Forgot Password Register

MenkumHAM Teken PKPU Eks Koruptor Dilarang Nyaleg

MenkumHAM Yasona Laoly (Foto: Antara / Dhemas Reviyanto) MenkumHAM Yasona Laoly (Foto: Antara / Dhemas Reviyanto)

Pantau.com - Menteri Hukum dan HAM Yasonna H Laoly mengaku sudah menandatangani Peraturan KPU No 20 tahun 2018 tentang pencalonan anggota DPR, DPRD Provinsi dan DPRD Kabupaten/Kota yang melarang caleg mantan narapidana korupsi.

"Sudah, sudah ditandatangani," kata Yasonna di Istana Kepresidenan Bogor, Rabu (4/7/2018).

Seperti diketahui, PKPU larangan eks koruptor untuk nyaleg memang sempat menuai por dan kontra dari sejumlah kalangan.

"Ada sedikit perubahan tapi ya kita serahkan kepada publik karena kita tidak mau mengganggu tahapan pemilu. Sebelumnya saya sudah bertemu dengan KPU, kita buat pertemuan KPU, Bawaslu dengan tim kita, dan ada beberapa narasumber, pengamat, beberapa hari mereka merumuskan itu," ungkap Yasonna.

Sebelumnya, pada 30 Juni 2018 KPU mengeluarkan PKPU No 20 tahun 2018 yang mengatur agar bakal calon anggota DPR, DPRD Provinsi, dan DPRD Kabupaten/Kota adalah warga negara Indonesia dan harus memenuhi persyaratan tidak pernah sebagai terpidana berdasarkan putusan pengadilan yang telah memperoleh kekuatan hukum tetap yang diancam dengan pidana penjara 5 tahun atau lebih berdasarkan putusan pengadilan yang telah berkekuatan hukum tetap; bukan mantan terpidana bandar narkoba, kejahatan seksual terhadap anak, atau korupsi (pasal 7 ayat 1 butir g dan h).

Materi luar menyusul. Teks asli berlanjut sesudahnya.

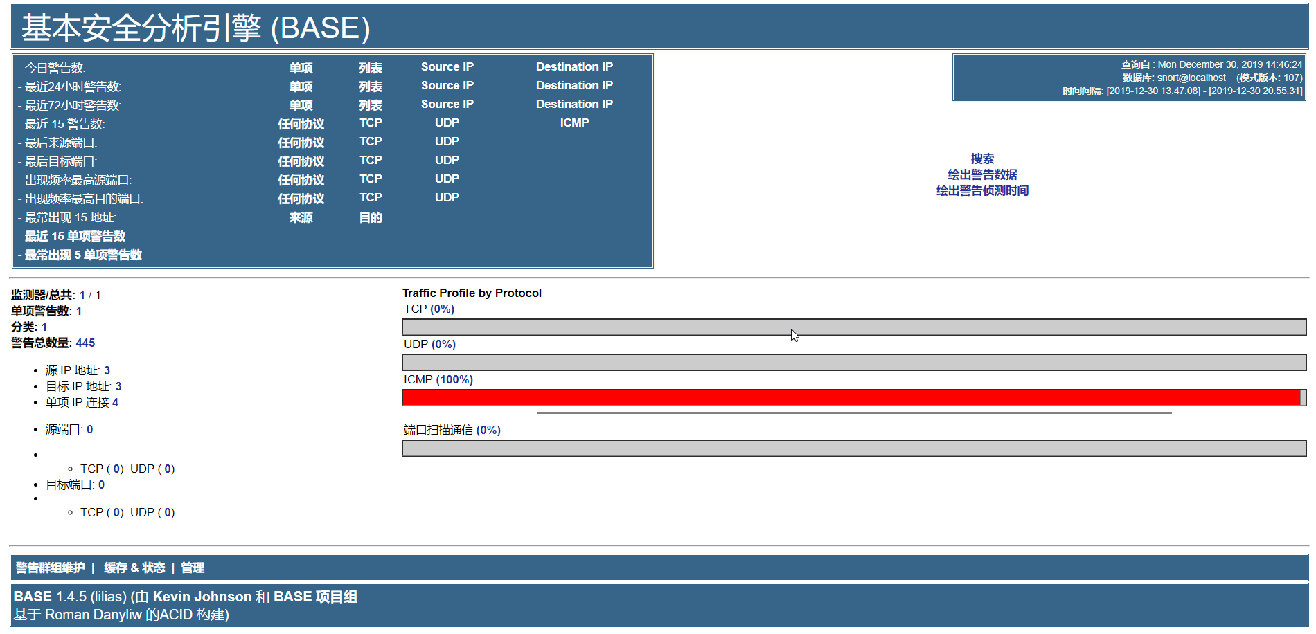 用ping命令进行测试的目的是为了产生报警。ping命令使用ICMP协议,在IDS中使用Libpcap函数所捕获的也是ICMP数据包。下面在Snort主机上操作:
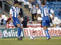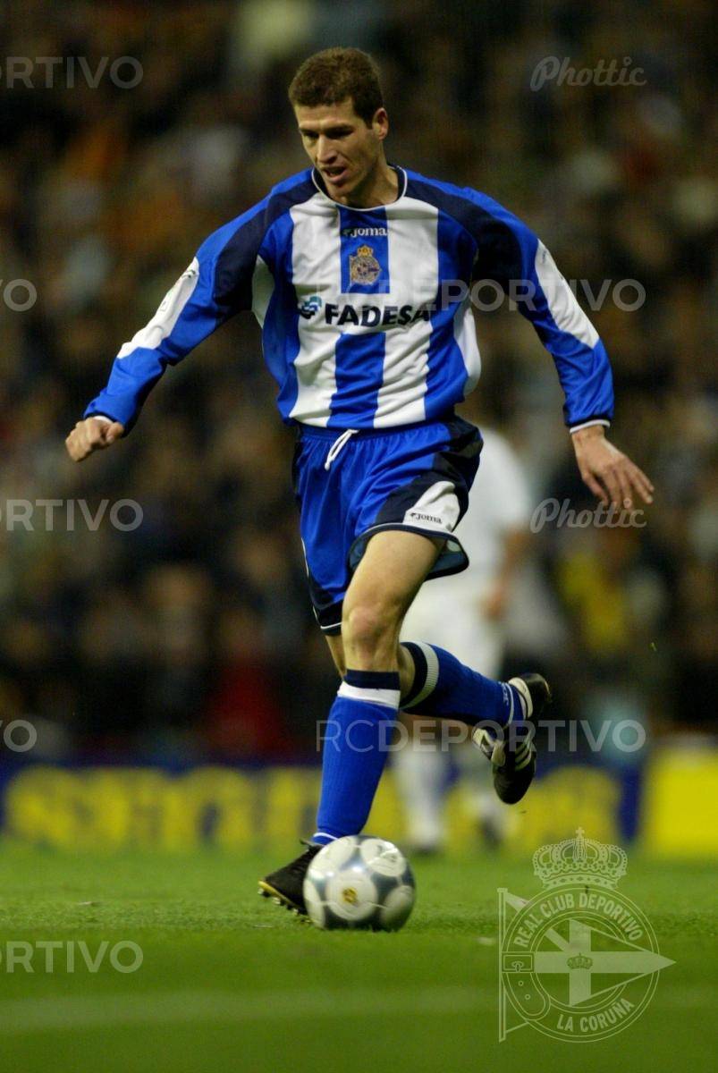 Romero conduce la pelota en un lance de la final de la Copa del Rey de 2002, disputada entre el Real Madrid y el Deportivo en el estadio Santiago Bernabéu el 6 de marzo de 2002. El Dépor se impuso por 1-2 al equipo blanco, que celebraba ese día los cien años de su fundación.

Baca juga: Hadar Nafis Gumay Heran PKPU Masih Jadi 'Bola Panas' di DPR

Sehingga dengan diundangkannya PKPU itu, maka partai politiklah yang bertanggung jawab untuk menyeleksi caleg yang akan diajukan dalam pemilu.

"Memang sekarang tanggung jawab itu dikasih kepada partai politik untuk men-screen. Ini diserahkan kepada partai politik untuk tidak mencalonkan orang-orang yang itu, yang mantan (narapidana) itu," ungkap Yasonna.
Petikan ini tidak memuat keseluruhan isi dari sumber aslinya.